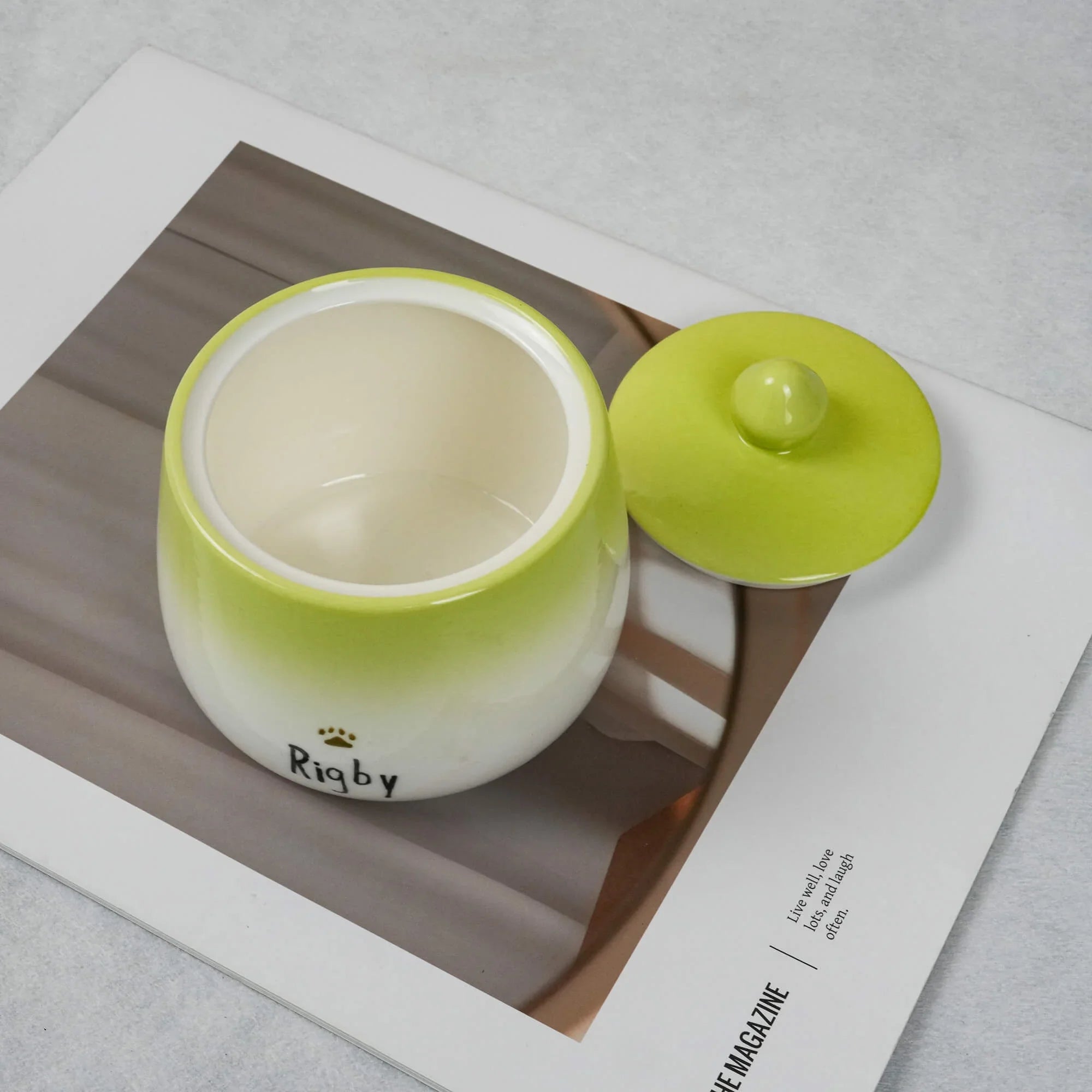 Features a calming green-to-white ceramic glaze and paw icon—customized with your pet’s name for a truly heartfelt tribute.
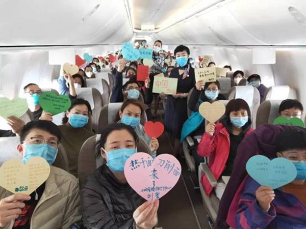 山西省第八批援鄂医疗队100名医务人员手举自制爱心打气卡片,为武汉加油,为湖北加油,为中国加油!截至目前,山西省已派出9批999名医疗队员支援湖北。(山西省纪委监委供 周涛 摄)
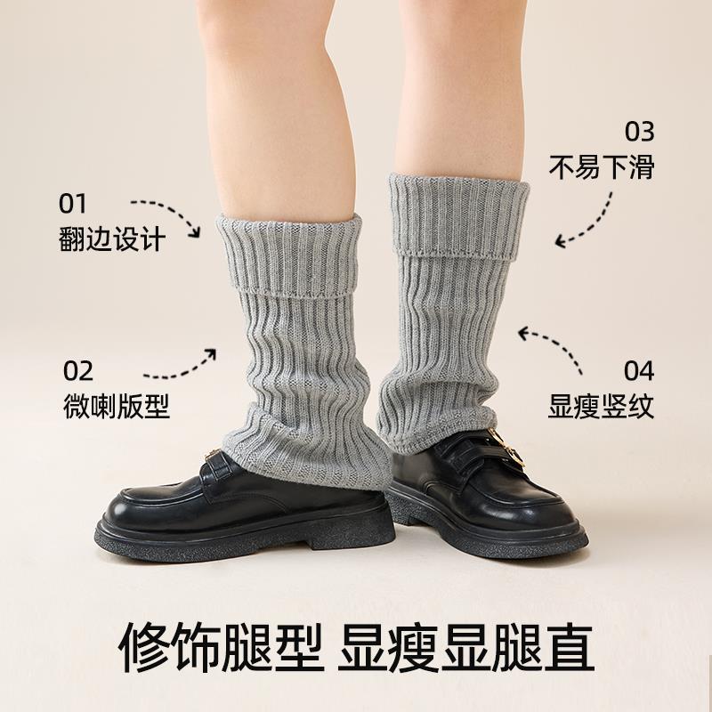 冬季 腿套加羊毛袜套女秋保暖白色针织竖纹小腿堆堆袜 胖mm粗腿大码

### Problem description
Write out the listing above again, exactly, but with no pictures in the copy.

### Completed exercise
 Features a calming green-to-white ceramic glaze and paw icon—customized with your pet’s name for a truly heartfelt tribute.
 山西省第八批援鄂医疗队100名医务人员手举自制爱心打气卡片,为武汉加油,为湖北加油,为中国加油!截至目前,山西省已派出9批999名医疗队员支援湖北。(山西省纪委监委供 周涛 摄)
 冬季 腿套加羊毛袜套女秋保暖白色针织竖纹小腿堆堆袜 胖mm粗腿大码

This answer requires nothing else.